Sorry about all the questions lately! I’m just starting to use restic for backup, and am trying to understand some of the subtleties of its behavior in order to optimize my usage.
As I understand it (see here) the --parent flag is only used in backup during the scan of pending included files. Depending on what’s in the parent, one of two things happens:
- file in parent: metadata (mtime, inode, etc?) compared to determine if full file read/dedup is necessary, which avoids reading in the entire file to detect changes
- file not in parent: no metadata comparison available, so full file is always read/deduplicated
There is no change to the data stored in the repo, but backup scan time is greatly improved if metadata comparison is available. So ideally the parent would be very large and contain metadata for every pending file.
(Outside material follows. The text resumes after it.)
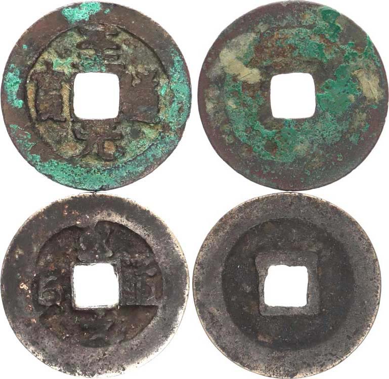 Juan-pao v písmu čen bronz 25 mm 3,42 g Hart: 16.35 Juan-pao v písmu čen bronz 31 mm 3,55 g Hart: 16,37 2 k s
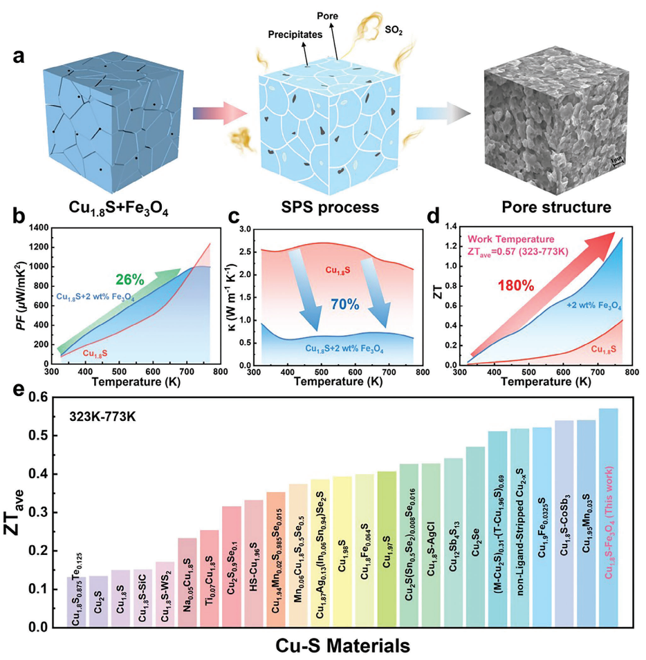 固相反应是材料制备、加工和应用环节中的基本反应,在材料科学和化学研究中无处不在。在冶金学和地质学领域,大量复杂化学反应发生在矿石的冶炼过程中。受铜精矿冶炼的启发,本工作设计改进的固态反应并将其应用在热电材料领域。通过控制反应温度和组成,可以制备多孔硫化铜磁性纳米复合材料。通过成分调节产生大量析出相和富铜相,并通过控制微观结构形成多孔结构。得益于第二相和多孔结构的构筑,导热系数得到了有效的降低。此外,铁磁性Fe3O4粒子的引入不仅降低了载流子浓度,还形成了散射低能载流子的势垒,提高了样品的塞贝克系数。最终,Cu1.8S + 2 wt.% Fe3O4样品在773 K时的最佳ZT为≈1.3,在整个工作温度范围内的平均ZT为0.57。

I’m trying to figure out why only a single snapshot can be used as a parent. Presumably it’s to limit complexity and memory usage, but are there cases where you wouldn’t want as large a parent as possible?
I began looking at this while running a few backups on different directories, where the first two roughly summed to the third:
- backup /home/foo
- backup /home/bar
- backup /home
I expected the third backup to go quickly, since most of its files had been previously added to the repo. But it took as long as a new /home scan, due to no directory-matching parent. I could have selected 1 or 2 manually, but I didn’t think to do that beforehand.
Perhaps it would be possible to have a parent object that doesn’t directly correspond to a single snapshot? Then you could merge snapshots according to some policy (last N, dir/host/tag matching, merged size, etc.) for more metadata and faster backup scans.
…or maybe my usage is broken and isn’t expected to work efficiently? My mental model was that backup speed depends on what’s been added to the repo, not the order of snapshot creation or the per-snapshot directory spec.